An hour later, all four of us gathered in the common room Keane had commandeered as our makeshift war room. Cyrus leaned against the hearth, his arms crossed and posture deceptively relaxed but eyes sharp on the rest of us. Marigold sat at the table beside me, her fingers still curled around a mug gone cold, while Keane paced just behind her, scanning the intel like he was memorizing every word.

I squared my shoulders. Echo’s scales shifted to burnished bronze.

Then I laid it out: my parents’ research, cross-referenced with intel from Keane’s surveillance, Parker’s vampire contacts, and the emergency council’s reports.

The master doesn’t corrupt randomly, I said, pointing to the patterns.

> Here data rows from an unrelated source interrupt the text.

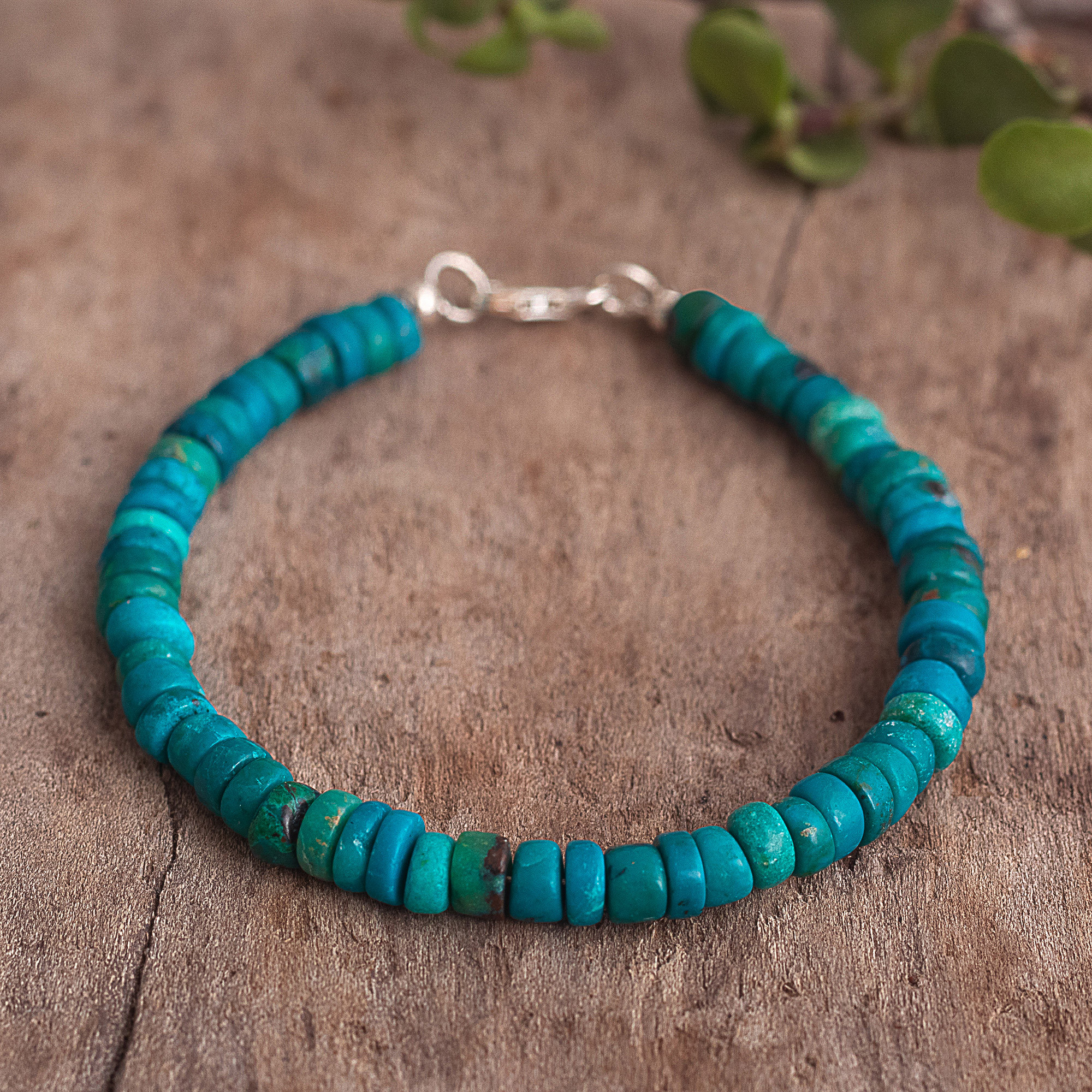 Polished rondelles of natural chrysocolla seem to capture the endless blues and greens of the ocean. Sandra and Lily in Peru craft this pretty beaded bracelet, which features a clasp of polished sterling silver.
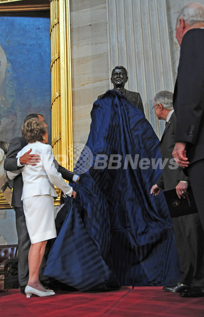 故レーガン元米大統領の像が完成、除幕式にはナンシー夫人も出席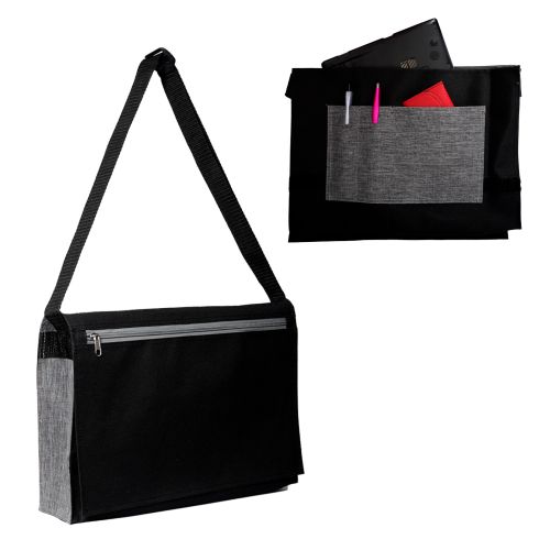 Portafolio con compartimento principal para laptop de hasta 15; organizador frontal; solapa con cierre de velcro; bolsa trasera con cierre y correa ajustable."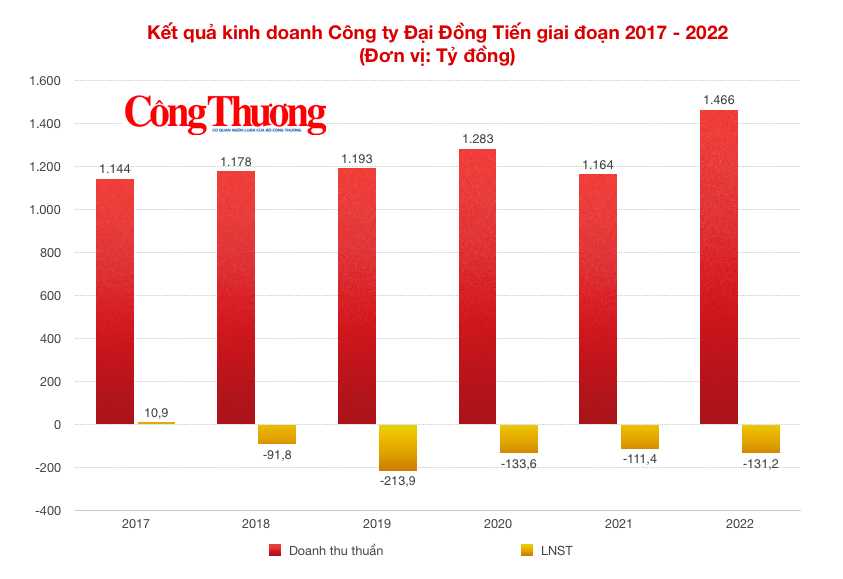 Hơn thế, các năm 2019 - 2022, doanh thu tiếp tục đạt trên 1.000 tỷ đồng, lần lượt là 1.193 tỷ đồng, 1.283 tỷ đồng, 1.164 tỷ đồng và 1.466 tỷ đồng; đổi lại, Đại Đồng Tiến vẫn chưa tìm thấy "phao cứu sinh", các khoản lỗ ròng tuy có giảm nhưng tương ứng nhận về là 213,9 tỷ đồng, 133,6 tỷ đồng, 111,4 tỷ đồng và 131,2 tỷ đồng (2019 - 2022).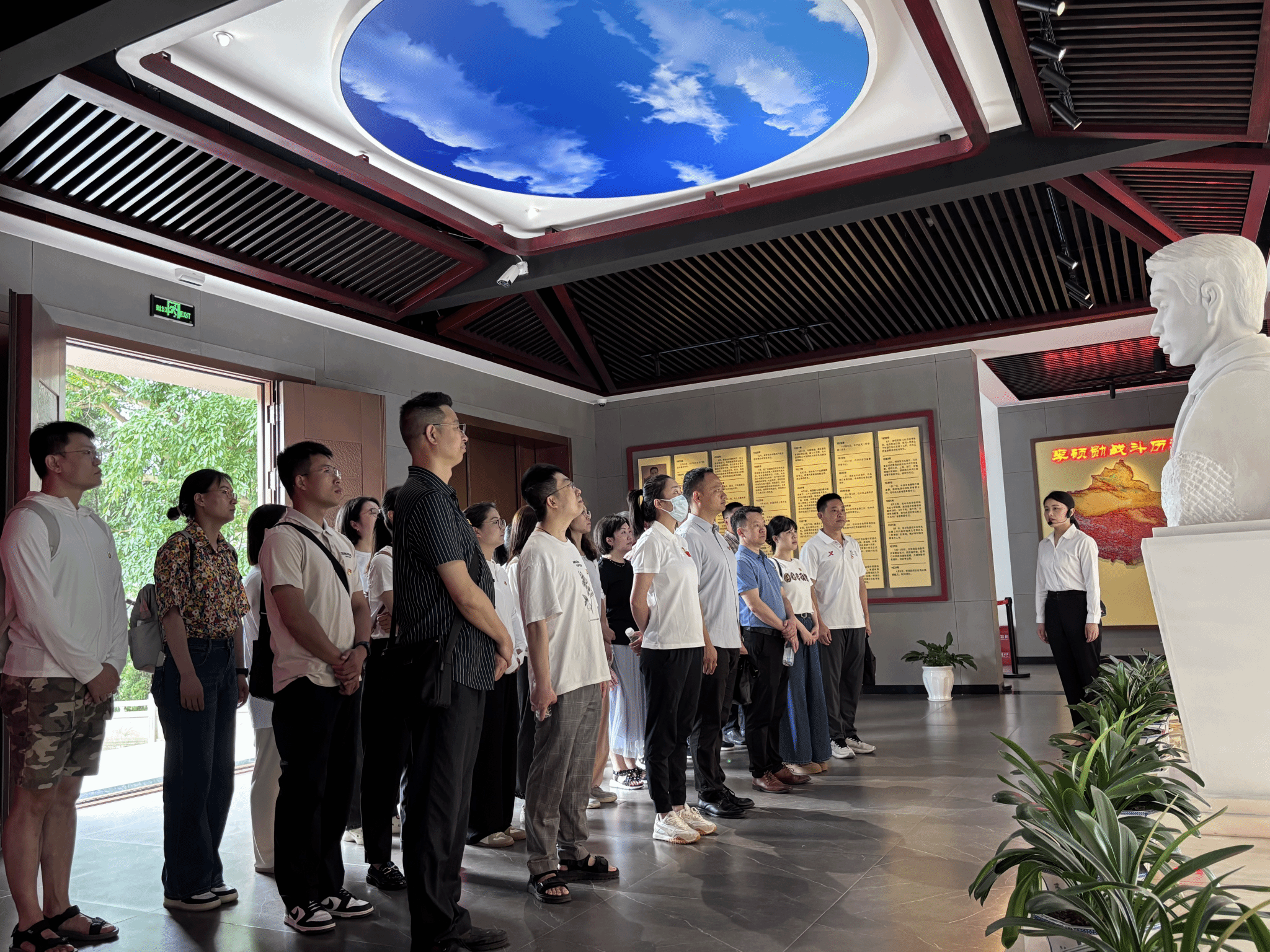 活动首站,全体党员来到李硕勋烈士纪念馆,在庄严肃穆的烈士雕像前重温入党誓词,以铿锵誓言叩问初心;向烈士敬献花篮、肃立默哀,深切表达对革命先烈的崇高敬意与深切追思。走进纪念馆“少年壮志”“投身革命”“浴血奋斗”“浩气长存”主题展厅,通过珍贵历史照片、革命文物及文献资料,党员们全面学习了李硕勋烈士从热血青年成长为坚定共产主义战士的光辉历程,深刻感悟其“革命理想高于天”的坚定信念与“甘将热血沃中华”的牺牲精神。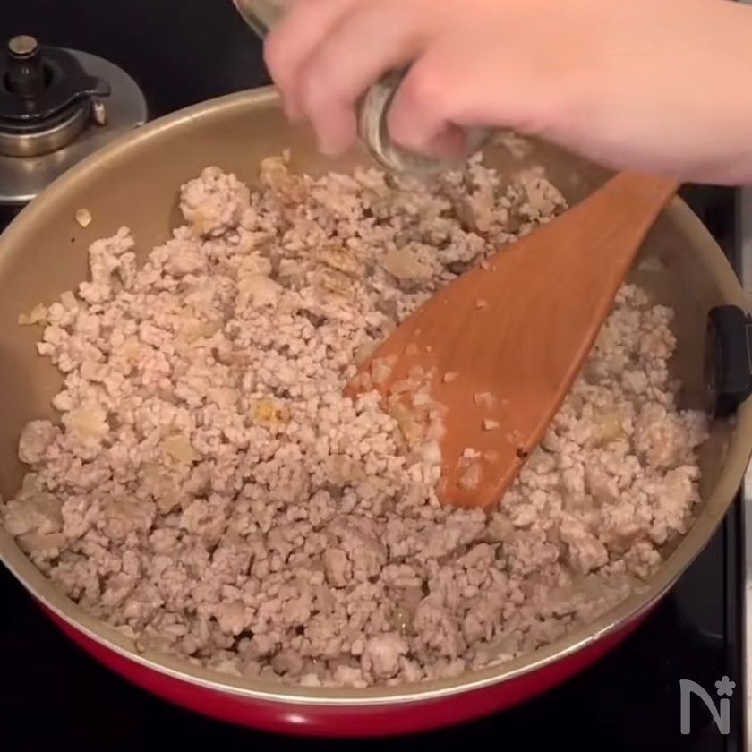 (1) フライパンに油を敷き、玉ねぎと豚ひき肉、塩こしょうを入れて炒める。

Raven wasn’t targeted for her ambition or politics. She was close to Marigold, magically compatible, and emotionally vulnerable. You were busy with heir drama and council conspiracies. She was alone.

Bait, Keane said quietly.

Yes. A delivery system. An emotional weapon. I pulled more profiles. And she’s not the only one. My parents identified witches with the same pattern—isolated, sensitive, close to someone the master wants.

I should have noticed, Marigold said quietly, staring at the data. She was pulling away and I was too busy with… She gestured vaguely at the three of us. Everything else.

That’s what made her vulnerable, I said, keeping it professional. He targets witches who are emotionally isolated. Then he gives them exactly what they’re missing.

My parents’ research shows he’s been doing this for decades, offering lonely witches connection, purpose, and a sense of mattering.

I pointed to examples. A widow pushed out of her coven. A dismissed researcher. A student whose friends moved on.

Once they’re corrupted, I added, he turns them into weapons. Not because their targets are powerful but because the emotional leverage works.

Cyrus had been silent, leaning against the wall near Marigold but not quite beside her. Watching. Listening.

So how do we stop him from corrupting more people? Cyrus asked finally.

We can’t prevent isolation, I said. People lose friends, get busy, drift apart. That’s human. But we can watch for the signs—sudden behavioral changes, magical signature shifts, social withdrawal combined with newfound confidence.

And we protect the people around Marigold, Keane added quietly. Lucas—once he’s recovered. Aurora. Other students she’s close to.

Aurora’s with family right now, Cyrus said. Safer there than on campus where the master’s already struck.